# Hello! Upstate NY here



## Guest (Dec 6, 2007)

Hey everyone. I am from Rochester NY, Been riding for over 10 years been all over the US and some of Canada in search of snow. I try to get out a minimum once a week usually more. And one trip a year. I love meeting new snowboarders and seeing different local spots.
Anyone from upstate?
-Mark


----------



## Guest (Dec 6, 2007)

Cool I plan on getting out tom also. Where is lab?


----------



## Guest (Dec 6, 2007)

Ha Im off to bristol now!


----------



## Guest (Dec 7, 2007)

The snow was also great at Bristol today. Not many runs open tho.


----------



## Guest (Dec 7, 2007)

Was empty. Sat is suposto be crowded i was thinking about going then also


----------



## Guest (Dec 9, 2007)

Lol yea east coast snow! Was not crowded at all! I hit up the closed trails at Bristol also nice fresh stuff and no rocks was great.
Im thinking about going to whiteface in a few weeks for a long weeekend.


----------



## Guest (Dec 10, 2007)

Yea looks awesome. I cant take that much time off from work sorry


----------



## Guest (Dec 11, 2007)

$51 for an all day pass


----------



## Guest (Dec 13, 2007)

Whos going out tommorow? It just started dumping snow


----------



## Guest (Jan 22, 2008)

*SU Photojournalism Major new to Snowboarding Forum needs some HELP*

What's up guys? I just started at Syracuse University in the fall as a photojournalism major, I'm originally from Southern California and have been riding for 10 years.

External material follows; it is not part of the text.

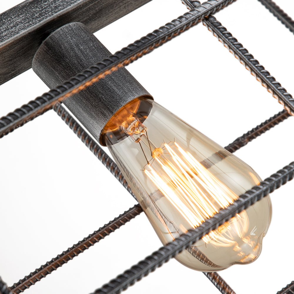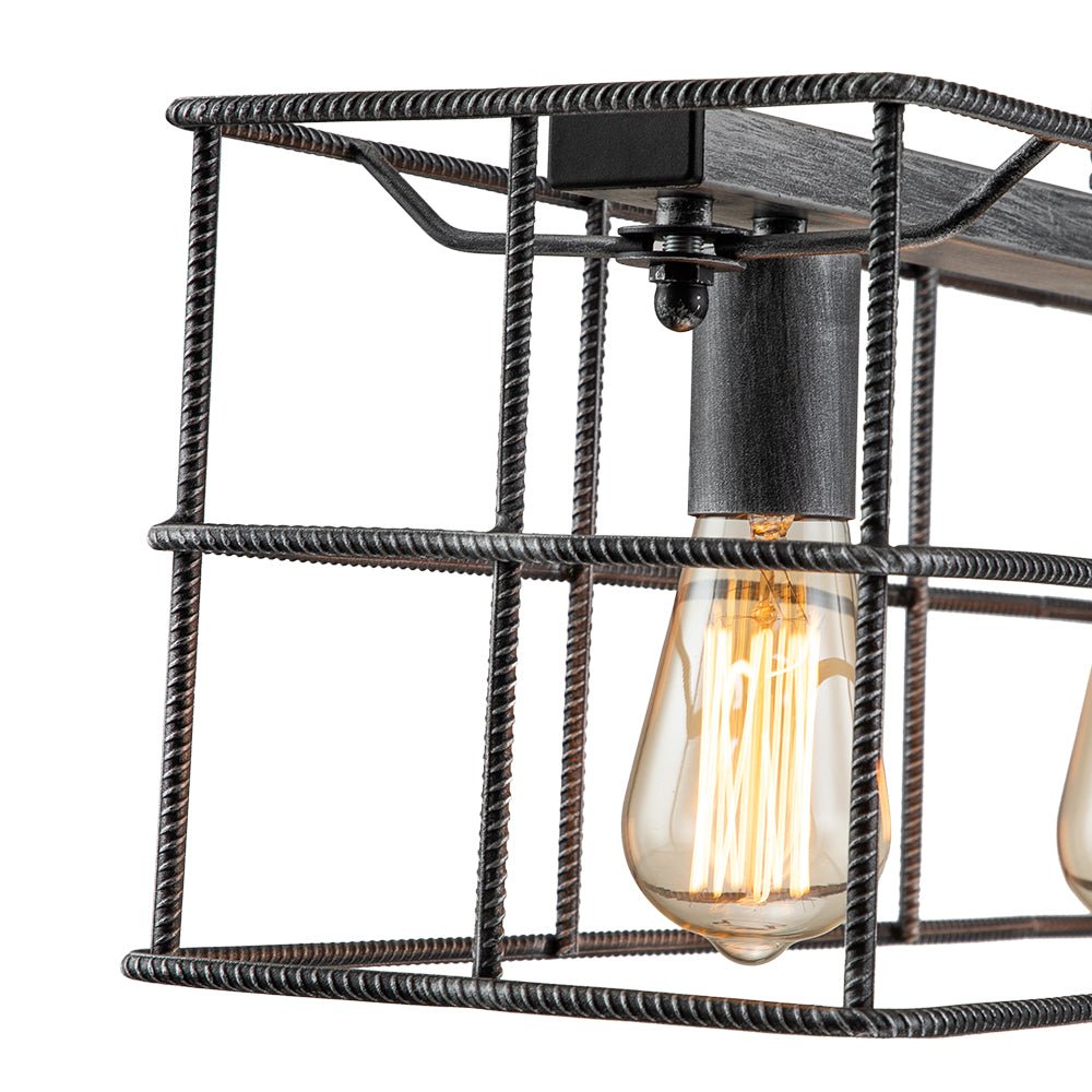 Neljä valoa • Teräshäkki • Suorakaiteen muotoinen muotoilu • Avoin runko • Vintage harmaa viimeistely • E26 keskikokoiset polttimot (ei sisälly) • Kiinteä • UL-listattu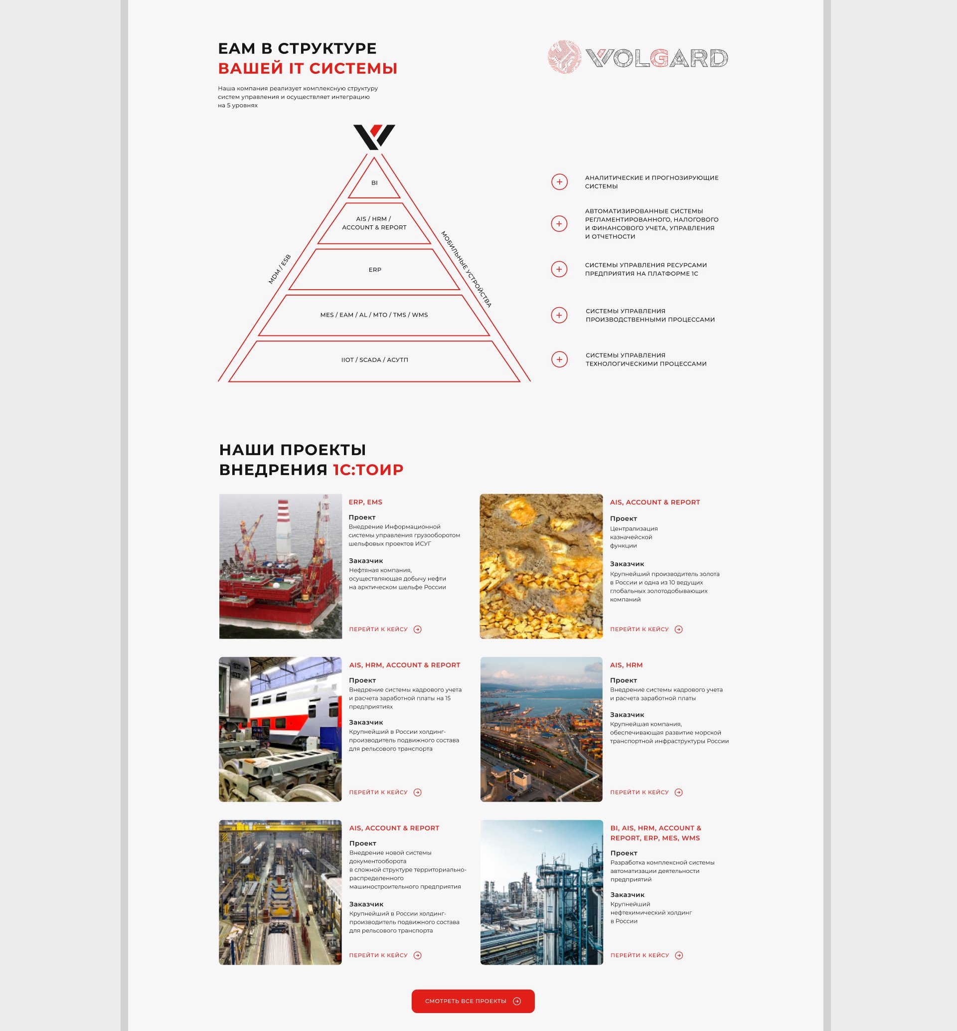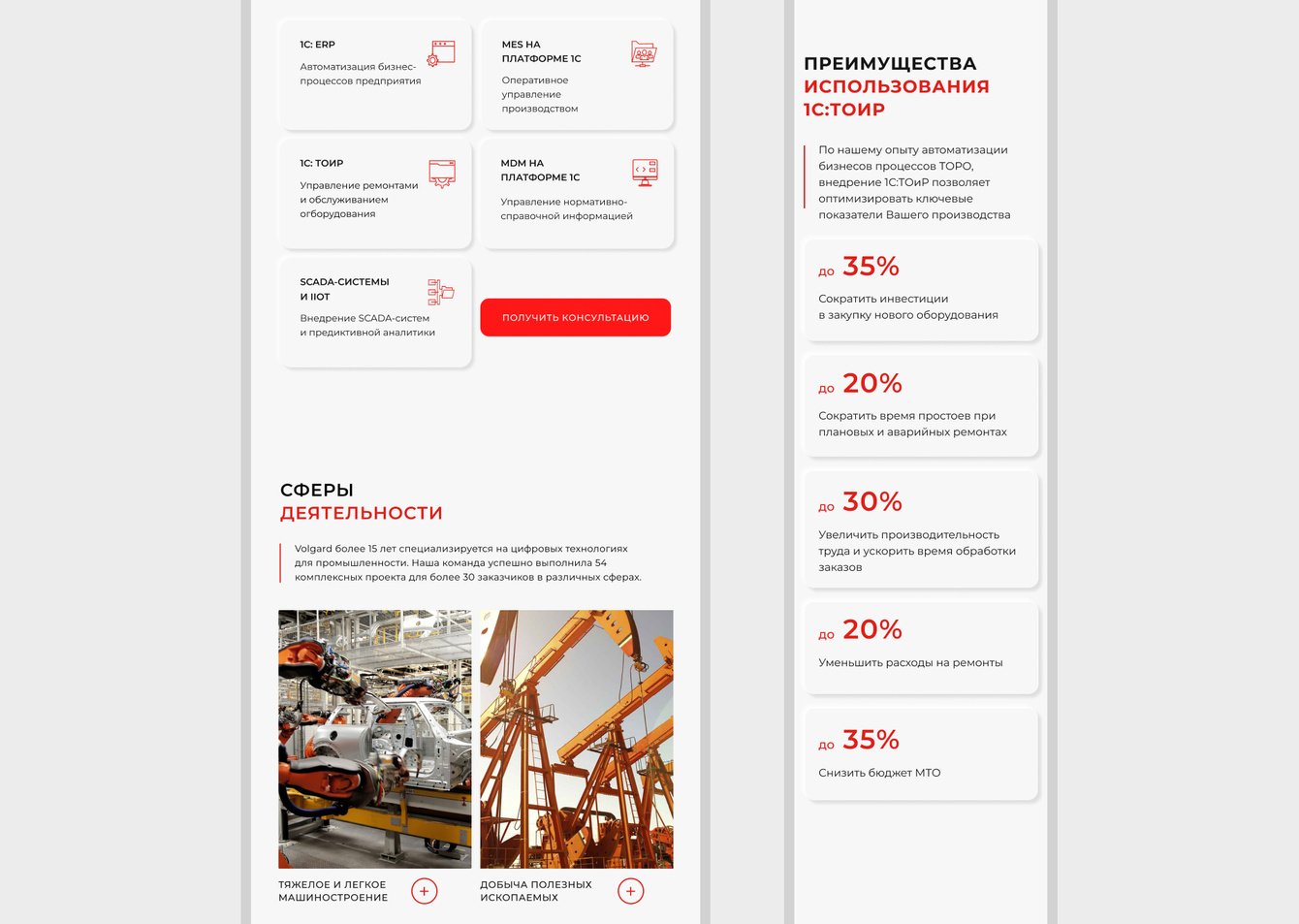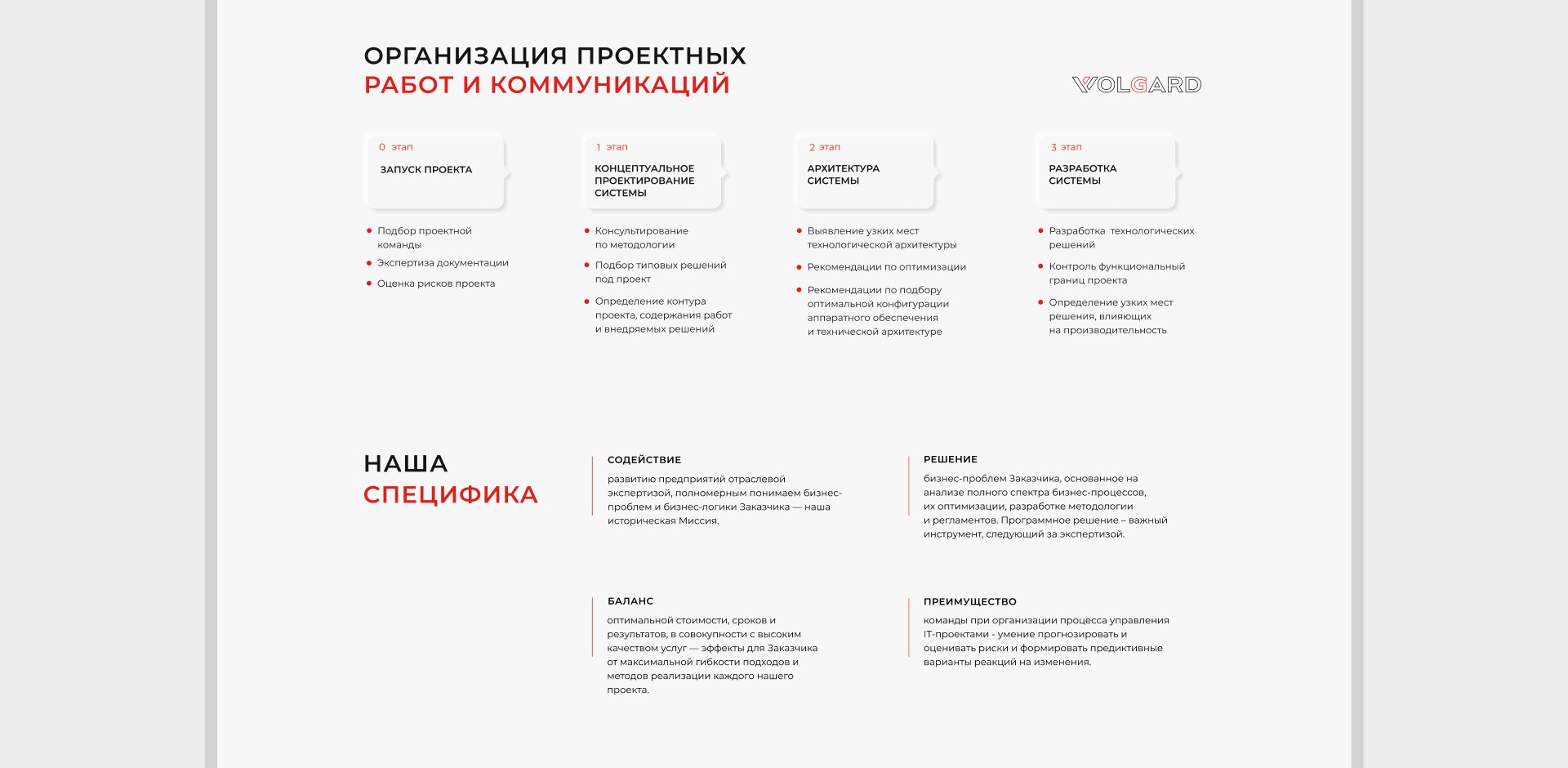 1. Сбор и анализ исходных данных: - Детальное изучение деятельности компании Волгард, особенностей её продуктов и предоставляемых услуг (решений IIoT, ERP, TOиР, MES). - Определение ключевых целей сайта: ознакомление потенциальных клиентов с технологиями и возможностями интеграции IT-решений в производственные процессы.2. Формулировка требований и постановка задач: - Выявление основных функциональных блоков и структуры будущих страниц сайта. - Формализация технического задания, согласование его с заказчиком.3. Разработка концепции дизайна: - Подготовка дизайн-макетов главной страницы, внутренних страниц с описанием продуктов и контактной информацией. - Создание прототипов и wireframes, визуализации элементов интерфейса и адаптация макета под различные устройства.4. Подготовка материалов: - Сбор и структурирование контента (текстов, иллюстраций, логотипов, схем, фотографий оборудования). - Согласование с клиентом финального варианта контент-плана и графика работ.

I have kind of an odd question...

I have to shoot a picture story about "The Competitive Spirit." Naturally I picked snowboarding, because it would give me an excuse to ride for homework. So far I've hit up Tog and Lab. I'm looking for someone in the CNY area, preferably close to Syracuse, who plans to compete in the Volcom Peanut-Butter and Rail Jam at Stratton, VT. I know it's a long shot, but do you guys know anyone? I picked the PBRJ because it's an all-amateur contest, so it should garner better access. Obviously I would provide whoever the subject is with digital copies of all of my selected images. Please let me know if you know anyone!

Thanks!!!


----------



## Guest (Jan 22, 2008)

Man i'm so jealous of you guys... you guys get all the snow and we vermonters get nada 
Didn;t you all get like 3 feet this week or something. What the hell man.. we barely got a dusting


----------



## Guest (Jan 22, 2008)

Its the lake effect just keeps snowing


----------